With the network part and parcel to each and every service request in your microservices-based application, it may come as no surprise that at the core of application delivery is your application delivery controller, an intelligent proxy that accelerates and manages application delivery. With no standard definition of what an application delivery controller does, the capabilities of intelligent proxies vary broadly. And so in this white paper, we’ll explore application delivery controllers as they relate to your architecture choices, your use of Kubernetes platforms, and open source tools.
Before embarking on your cloud native journey, it is essential to critically assess your organization’s readiness with regard to skill set so that you can choose the solutions that best fit the business objective you are seeking to meet in context of your ability to do so. There are seven key considerations to address when planning your microservices-based application delivery design:
A thorough evaluation of these seven considerations is best done with specific tasks and goals in mind. Depending on the size and diversity of your organization, you may need to account for a variety of stakeholders’ needs — that is, tasks and goals that differ based on role and responsibility. In context of application delivery, let’s survey the most common roles with a generalized view of their responsibilities and needs as stakeholders. To help facilitate a general understanding, we’ve grouped some roles when responsibilities overlap across multiple teams:
Platform teams are responsible for deploying and managing their Kubernetes infrastructure. They are responsible for platform governance, operational efficiency, and developer agility. The platform team is the connective tissue among various teams like DevOps, SREs, developers, and network operations teams and therefore must address and balance the unique needs of a diverse group of stakeholders, or influencers, when choosing cloud native solutions.

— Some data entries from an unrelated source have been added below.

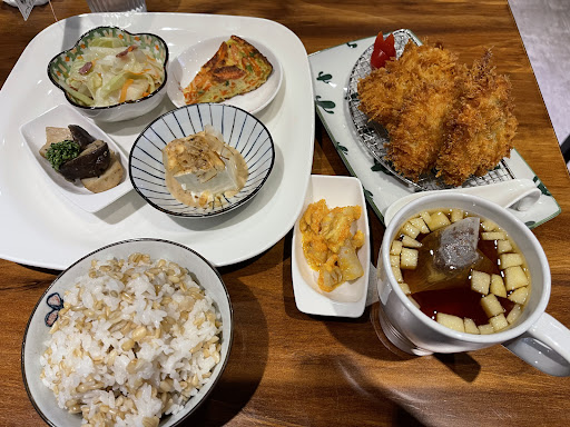 再來就是用餐餐點的感受,餐點是真的感受得到老闆娘的用心準備,但是份量真的不多,用餐到了後段店家有詢問如果沒吃飽可以再幫我加一碗飯,可是問題菜都配完了加飯配豬排嗎? 用餐後計算了一下今日餐點的CP值,四色餐盤價值算大約100元,炸豬排的價值也大約100元,然後一碗糙米飯就算30元,整個餐點讓我覺得只有230元的價值,就算加上50元的湯品也就280元的價值,我都覺得這個價錢都算高了,而且還賣到330元,所以算是個高價的店家,難怪到店時店內沒有其他客人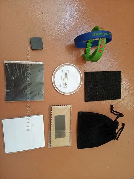 Значок, шеврони, магніти на холодильник і браслети з українською символікою.1) Браслет резиновий синій. Стан абсолютно нового. З однієї сторони напис Euro Camp, з іншої kngu. org. Окружність 21 см, дуже добре тягнеться.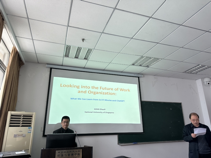 3月29日,应男人天堂 人力资源管理研究所、江苏省人力资源发展研究基地和中国员工关系管理研究省优秀创新团队邀请,新加坡国立大学商学院教授宋照礼在学院704会议室为男人天堂 师生作了题为“Looking into the future: What can we learn from Sci-Fi movies and ChatGPT”的精彩学术报告。本次讲座由教授胡恩华主持,相关教师以及博士生和硕士生参加了这次专题讲座。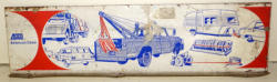 18"x24", neat graphics with a mid 1960's Chevy style truck, reverse side is a Home for Sale painted sign, has scuffs and wear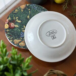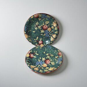 Pair of 8″ salad/dessert plates by Certified International with artwork by Susan Winget. Classic holiday collage and called "Evergreen" —apples, pears, grapes and holly on deep green with a red rim. Backstamped as shown.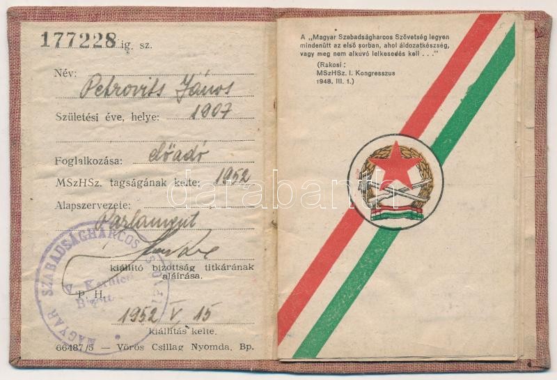 1952 Tagsági könyv, Magyar Szabadságharcos Szövetség, sok bélyeggel, 1... https://www.darabanth.com/de/279-Fernauktion/279.0/Andere-Sammelgebiete/Dokument~16/1952-Tagsagi-konyv-Magyar-Szabadsagharcos-Szovetseg-sok-belyeggel-10x7cm~II1434290
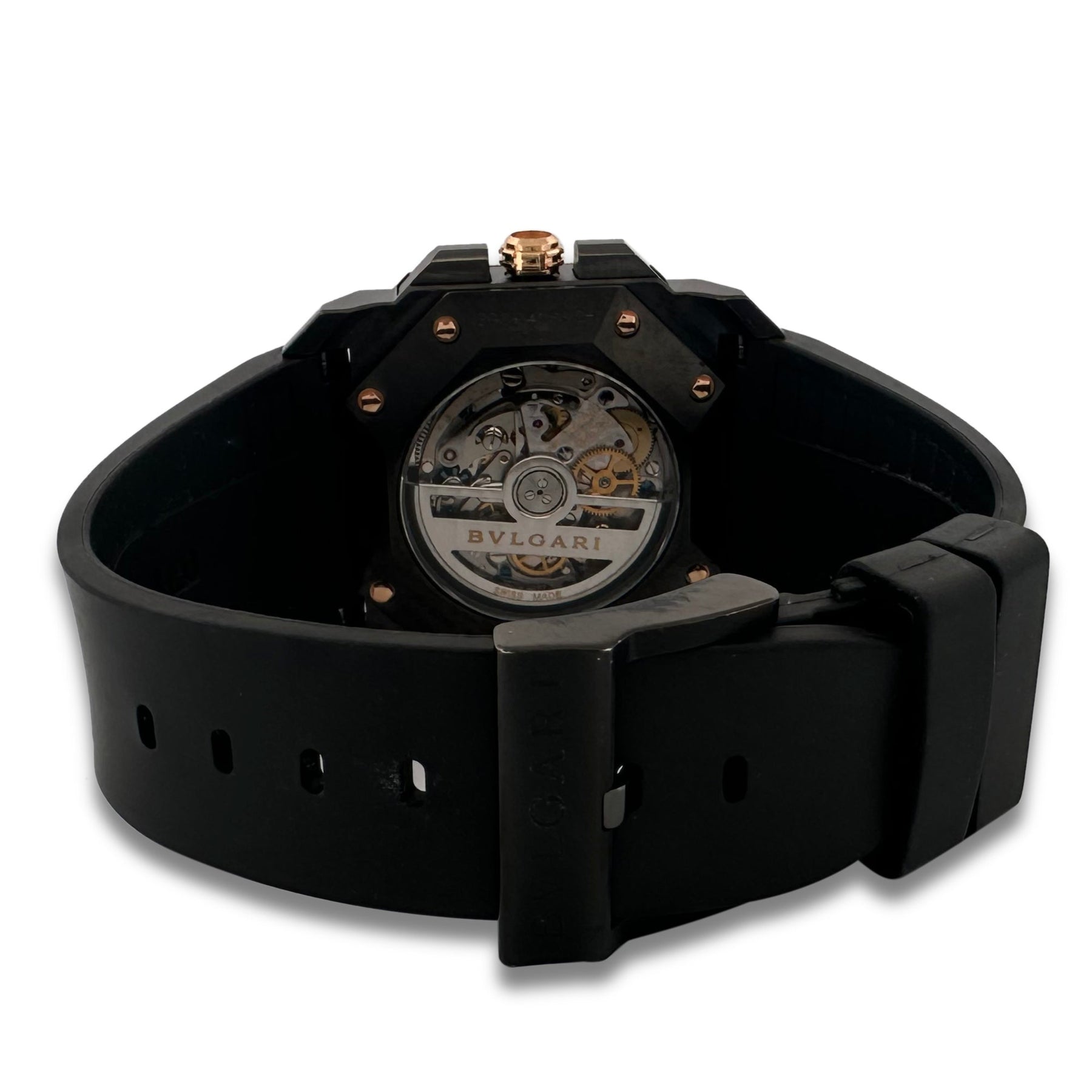 Pre-owned Bvlgari Octo Finissimo gent's watch. This is a bold watch with satin-finish rose gold octagonal bezel, rose-colored hands and markers and a skeleton case back. The watch is in very good condition; scratch on crown and bezel, slight strap wear. This watch comes with its original box, no original paperwork.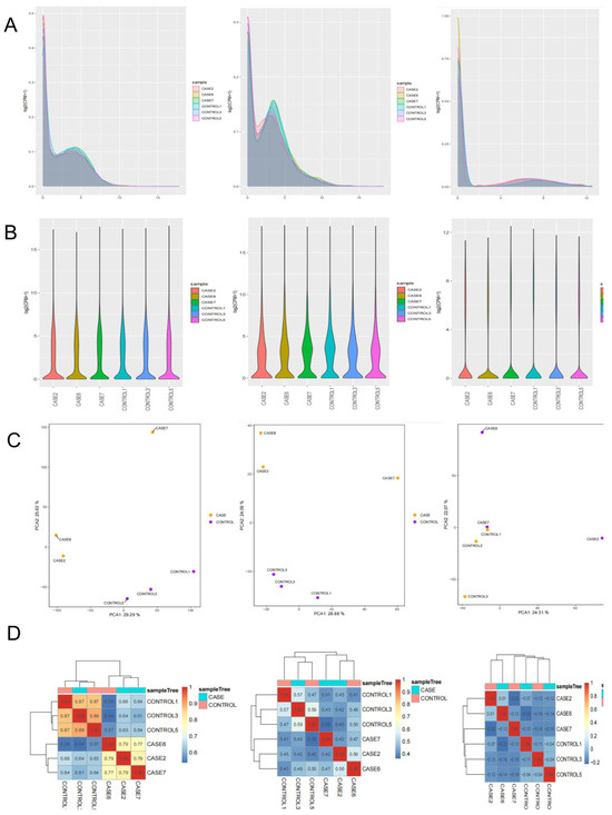 To obtain whole and accurate mRNA transcripts of the goose liver, we constructed six cDNA libraries (CASE2, CASE6, CASE7, CONTROL1, CONTROL3, and CONTROL) from liver tissue of lion-head geese. Using RNA-seq, we detected 21,008 mRNA transcripts, 3549 lncRNA transcripts, and 10,284 circRNA transcripts. Transcript expression was quantified using FPKM value [41]. The FPKM distribution of mRNAs is shown in Figure 2A, while the expression of different samples is displayed as a violin chart (Figure 2B). To effectively identify the most significant element and structures in the data, we represented the complex composition relationship of samples using horizontal and vertical coordinates [42]. This approach facilitated the exploration of the distance relationship between samples. The six samples were divided into two groups, which showed satisfactory repeatability (Figure 2C). Furthermore, we generated a hierarchical clustering diagram to visually depict the relationships between samples. Unsupervised clustering also confirmed the distinct expression patterns among liver tissues (Figure 2D). Sequences showed a reliable clustering effect, which ensured the veracity of the subsequent analysis [43].

DevOps teams are responsible for continuously deploying applications. They care about faster development and release cycles, CI/CD and automation, and canary and progressive rollout.
Site reliability engineers must ensure application availability. They care about observability, incident response, and postmortems. SREs often act as architects for DevOps team and as such are often extensions of or directly belong to DevOps teams.
Development teams are responsible for application performance and are focused on ensuring a seamless end-user experience, including troubleshooting and microservices discovery and routing. Application performance and troubleshooting is shared responsibility among multiple teams.
Network operations teams are responsible for ensuring stable, high-performing network connectivity, resiliency, security (e.g. web application firewalls and TLS), and are commonly focused on north-south traffic. They care about establishing networking policies and enforcing compliance; achieving management, control, and monitoring of the network; and gaining visibility for the purpose of resources and capacity planning.
DevSecOps teams care about ensuring a strong security posture and rely on automated tools to orchestrate security for infrastructure, applications, containers, and API gateways. DevSecOps works very closley with NetOps team for holistic secure posture.
Each role has nuanced responsibilities. Whether you have a single person or teams of people assigned to these roles, each role’s function needs to be accounted for.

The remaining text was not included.